On the Origin of Time

February 27, 2023Paradiso (Main Hall) Amsterdam
CPH time clock
Doors open: 19:30
Start programme: 19:45
Paradiso (Main Hall)
Weteringschans 6-8
Amsterdam

Science & Cocktails is proud to present an episode with cosmologist Thomas Hertog who is about to launch his new book “On the Origin of Time: Stephen Hawking’s Final Theory”.

Perhaps the biggest question Stephen Hawking tried to answer in his extraordinary life was how the universe could have created conditions so perfectly hospitable to life.

Pondering this mystery led Hawking to study the big bang origin of the universe, but his early work ran into a crisis when the math predicted many big bangs producing many universes, most far too bizarre to harbour life.

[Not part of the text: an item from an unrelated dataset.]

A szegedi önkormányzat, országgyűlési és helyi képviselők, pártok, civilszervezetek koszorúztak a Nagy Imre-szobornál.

Holed up in the theoretical physics department at Cambridge, Stephen Hawking and I worked shoulder to shoulder for twenty years, developing a new theory of the cosmos that could account for the emergence of life. Peering into the extreme quantum physics of cosmic holograms and venturing far back in time to our deepest roots, we were startled to find a deeper level of evolution in which the physical laws themselves transform until particles, forces, and even time itself fades away. Once upon a time, perhaps, there was no time?

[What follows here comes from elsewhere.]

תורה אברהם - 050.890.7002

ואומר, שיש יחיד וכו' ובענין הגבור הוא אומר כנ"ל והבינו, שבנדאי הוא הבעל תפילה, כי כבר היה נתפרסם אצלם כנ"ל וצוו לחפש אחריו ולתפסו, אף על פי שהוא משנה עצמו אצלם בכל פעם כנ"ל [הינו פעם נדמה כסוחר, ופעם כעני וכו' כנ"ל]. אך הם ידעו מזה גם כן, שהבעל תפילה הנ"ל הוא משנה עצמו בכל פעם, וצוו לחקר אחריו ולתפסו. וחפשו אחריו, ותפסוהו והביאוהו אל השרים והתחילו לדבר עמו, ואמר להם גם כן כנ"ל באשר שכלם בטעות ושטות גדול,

On the Origin of Time takes you on a quest to understand questions bigger than our universe, and offers a bold and stimulating new take on its fundamentals.

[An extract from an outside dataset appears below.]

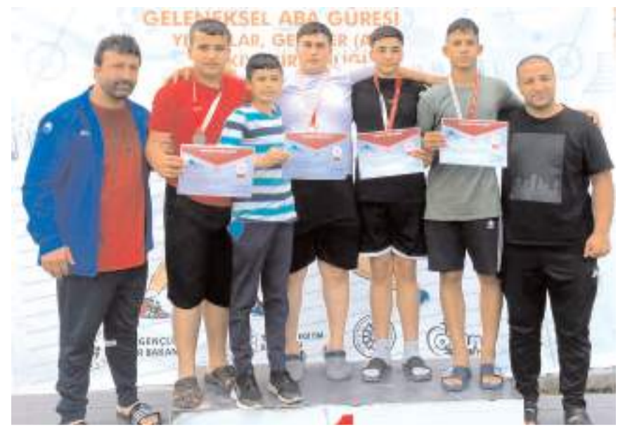
Aba Güreş'te madalya kazanan güreşçiler ödül töreni sonrasında antrenörleri ile

This event is an initiative by the Dutch Institute for Emergent Phenomena (DIEP) with the support of NWA Route 2. Science & Cocktails Amsterdam is presented in cooperation with Paradiso Amsterdam.

Talk by

Thomas Hertog

Thomas Hertog is a Belgian cosmologist at KU Leuven university and a key collaborator of Professor Stephen Hawking. He received his master’s degree in physics from the KU Leuven and his doctorate from the University of Cambridge. He joined the University of California as a research fellow in 2002 and became fellow at CERN, Geneva, in 2005. In 2011 he returned to Belgium where he is currently professor at the Institute for Theoretical Physics of the KU Leuven. Hertog is also guest professor at the Kavli Institute for Theoretical Physics, Santa Barbara, visiting senior fellow at Trinity College, Cambridge, and affiliate member of the International Solvay Institutes for Physics, Brussels.

At the KU Leuven Hertog leads a research team that investigates the physical nature of black holes and the big bang. In this context he has a longstanding interest in gravitational waves — ripples of spacetime once predicted by Einstein. Hertog leads Belgium’s participation in the European Space Agency’s first gravitational-wave mission and in Einstein Telescope, a future gravitational-wave observatory underground that may well be a game changer for Belgium.

He has recently wrote the book "On the Origin of Time" about his theory of the origin of the universe and his journey with Stephen Hawking.